Comment 25 Robert O'Callahan (:roc) (email my personal email if necessary) 2012-04-01 15:28:50 PDT
(In reply to Nick Cameron [:nrc] from comment #24)
> Further supporting the hooks/Avast hypothesis - I think we use this kind of
> Windows hook to run plugins, including Flash,

We don't.

We should see if blocking the Avast injection DLL stops the crash. Assuming it does, I think we should ask Avast to investigate and threaten them with blacklisting if they don't fix it.
Comment 26 Nick Cameron [:nrc] 2012-04-01 21:02:03 PDT
Stack trace:

00 ntdll!ZwWaitForMultipleObjects+0x15
01 kernel32!WaitForMultipleObjectsEx+0x8e
02 kernel32!WaitForMultipleObjects+0x18
03 kernel32!GetApplicationRecoveryCallback+0x2a7
04 kernel32!GetApplicationRecoveryCallback+0x166
05 kernel32!UnhandledExceptionFilter+0x161
06 kernel32!UnhandledExceptionFilter+0xe0
07 aswJsFlt+0x960f
08 aswJsFlt+0x8f08
09 aswJsFlt+0x3b42
0a xul!nsJSContext::EvaluateStringWithValue+0x3bc
0b xul!mozilla::plugins::parent::_evaluate+0x317
0c xul!mozilla::plugins::PluginScriptableObjectParent::AnswerNPN_Evaluate+0x91
0d xul!mozilla::plugins::PPluginScriptableObjectParent::OnCallReceived+0xe5
0e xul!mozilla::plugins::PPluginModuleParent::OnCallReceived+0x5f
0f mozalloc!moz_xmalloc+0xf
10 xul!mozilla::ipc::RPCChannel::DispatchIncall+0x5f
11 xul!mozilla::ipc::RPCChannel::Incall+0x11e
12 xul!mozilla::ipc::RPCChannel::OnMaybeDequeueOne+0x159
13 xul!MessageLoop::DoWork+0x246
14 xul!base::ThreadLocalPlatform::GetValueFromSlot+0xd
15 xul!MessageLoop::current+0x2d
16 xul!mozilla::ipc::DoWorkRunnable::Run+0x2a
17 xul!nsThread::ProcessNextEvent+0x1d2
18 xul!NS_ProcessNextEvent_P+0x2b
19 xul!mozilla::ipc::MessagePump::Run+0xb1
1a xul!MessageLoop::RunHandler+0xa6
1b xul!MessageLoop::Run+0x3c
1c xul!nsBaseAppShell::Run+0x2c
1d xul!nsAppShell::Run+0x49
1e xul!nsAppStartup::Run+0x20
1f xul!XRE_main+0x19ee
20 firefox!do_main+0x1f6
21 firefox!NS_internal_main+0x1f1
22 firefox!wmain+0x163
23 firefox!__tmainCRTStartup+0x122
24 kernel32!BaseThreadInitThunk+0x12
25 ntdll!RtlInitializeExceptionChain+0x63
26 ntdll!RtlInitializeExceptionChain+0x36
Comment 27 Nick Cameron [:nrc] 2012-04-01 22:32:42 PDT
We think that the Avast dll aswJsFlt is causing at least the crash I can reproduce and probably the more general one. Avast is loading aswJsFlt.dll and another dll when Firefox loads (annoyingly, outside of the mechanism which we can blocklist). Avast is patching our code to call its own (inside aswJsFlt) and then crashing (details below).

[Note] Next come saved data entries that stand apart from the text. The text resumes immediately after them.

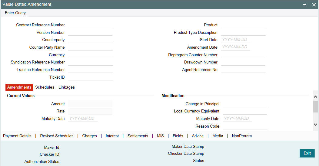 By default, the current system date is displayed as the date of amendment. Once you specify this date, you cannot change it.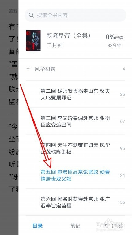 5、在打开的菜单中就可以看到该图书的目次列表了。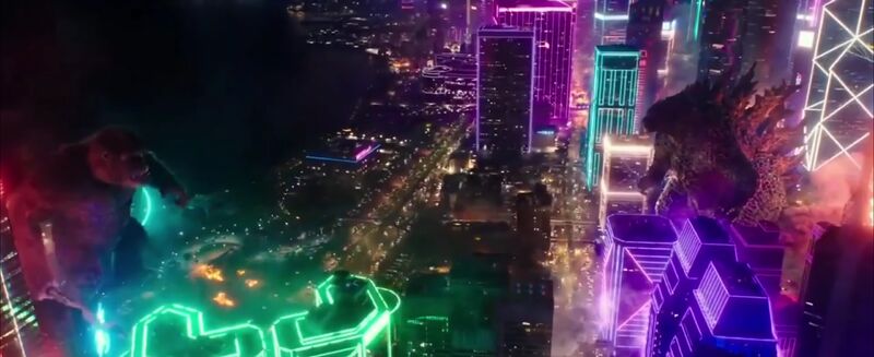 Godzilla's mission to eliminate the threat came into the conflict of Kong who - though having nothing to do with Ghidorah's resurgence - is an example of Godzilla's willingness to eliminate those who oppose him from his goal, in addition to their species' past conflicts. While he displayed brutal and prideful tendencies when fighting Kong at Hong Kong, evident as he gave off a particularly menacing grin followed by a grumble evocative of a chuckle of sorts when he singed Kong's back with his atomic breath, Godzilla's confrontation with Kong was partly due to frustration by his rival unknowingly deterring him from stopping Apex Cybernetics twice. However, this didn't stop him from sparing the ape-like Titan's life since the latter was not the threat he sought and to a subtle degree, Kong's defiance in the face of defeat, earning him the King of the Monsters' respect. This noble decision ultimately saved his life during a hopeless fight against Mechagodzilla, since it allowed Kong to assist his likely ally against a common enemy.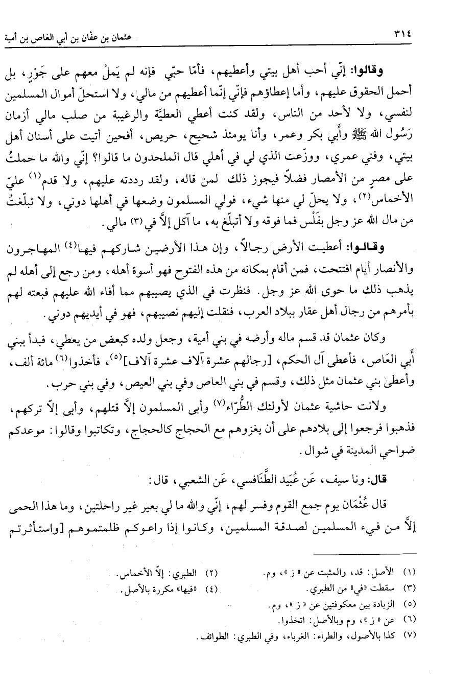 وقالوا إني أحب أهل بيتي وأعطيهم فأما حبي فإنه لم يمل معهم على جور بل أحمل الحقوق عليهم وأما إعطاؤهم فإني إنما أعطيهم من مالي ولا أستحل أموال المسلمين لنفسي ولا لأحد من الناس ولقد كنت أعطي العطية والرغيبة من صلب مالي أزمان رسول الله (صلى الله عليه وسلم) وأبي بكر وعمر وأنا يومئذ شحيح حريص أفحين أتيت على أسنان أهل بيتي وفني عمري ووزعت الذي لي في أهلي قال الملحدون ما قالوا إني والله ما حملت على مصر من الأمصار فضلا فيجوز ذلك لمن قاله ولقد رددته عليهم ولا قدم (1) علي الأخماس (2) ولا يحل لي منها شئ فولي المسلمون وضعها في أهلها دوني ولا تبلغت من مال الله عز وجل بفلس فما فوقه ولا أتبلغ به ما آكل إلا في (3) مالي وقالوا أعطيت الأرض رجالا وإن هذا الأرضين شاركهم فيها (4) المهاجرون والأنصار أيام افتتحت فمن أقام بمكانه من هذه الفتوح فهو أسوة أهله ومن رجع إلى أهله لم يذهب ذلك ما حوى الله عز وجل فنظرت في الذي يصيبهم مما أفاء الله عليهم فبعته لهم بأمرهم من رجال أهل عقار ببلاد العرب فنقلت إليهم نصيبهم فهو في أيديهم دوني وكان عثمان قد قسم ماله وأرضه في بني أمية وجعل ولده كبعض من يعطي فبدأ ببني أبي العاص فأعطى آل الحكم [رجالهم عشرة آلاف عشرة آلاف] (5) فأخذوا (6) مائة ألف وأعطى بني عثمان مثل ذلك وقسم في بني العاص وفي بني العيص وفي بني حرب ولانت حاشية عثمان لأولئك الطراء (7) وأبى المسلمون إلا قتلهم وأبى إلا تركهم فذهبوا فرجعوا إلى بلادهم على أن يغزوهم مع الحجاج كالحجاج وتكاتبوا وقالوا موعدكم ضواحي المدينة في شوال قال ونا سيف عن عبيد الطنافسي عن الشعبي قال قال عثمان يوم جمع القوم وفسر لهم إني والله ما لي بعير غير راحلتين وما هذا الحمى إلا من فئ المسلمين لصدقة المسلمين وكانوا إذا راعوكم ظلمتموهم [واستأثرتم

We need to reach out to Avast to see if they can fix this. Our options seem limited: we can't block the dll injection or prevent the patching. I will try a hack to get around the patching, but this will be unsatisfactory at best and easy to defeat. I can only see the hack working on one function at a time, so if Avast are patching elsewhere (which seems likely) then their bug could still cause crashes.
Comment 28 Nick Cameron [:nrc] 2012-04-01 22:44:23 PDT
Details:

The Avast dll is patching the first instructions of JS_EvaluateUCScriptForPrincipalsVersion (jsapi.cpp), replacing them with an unconditional jump into their dll. Here some code is run and when done jumps into some dynamically generated code. This seems to be a stub which executes the code from JS_EvaluateUCScriptForPrincipalsVersion that was patched over, restores some state, and then jumps back to JS_EvaluateUCScriptForPrincipalsVersion. Sometimes this works correctly, but sometimes it causes the exception we're seeing, not sure why.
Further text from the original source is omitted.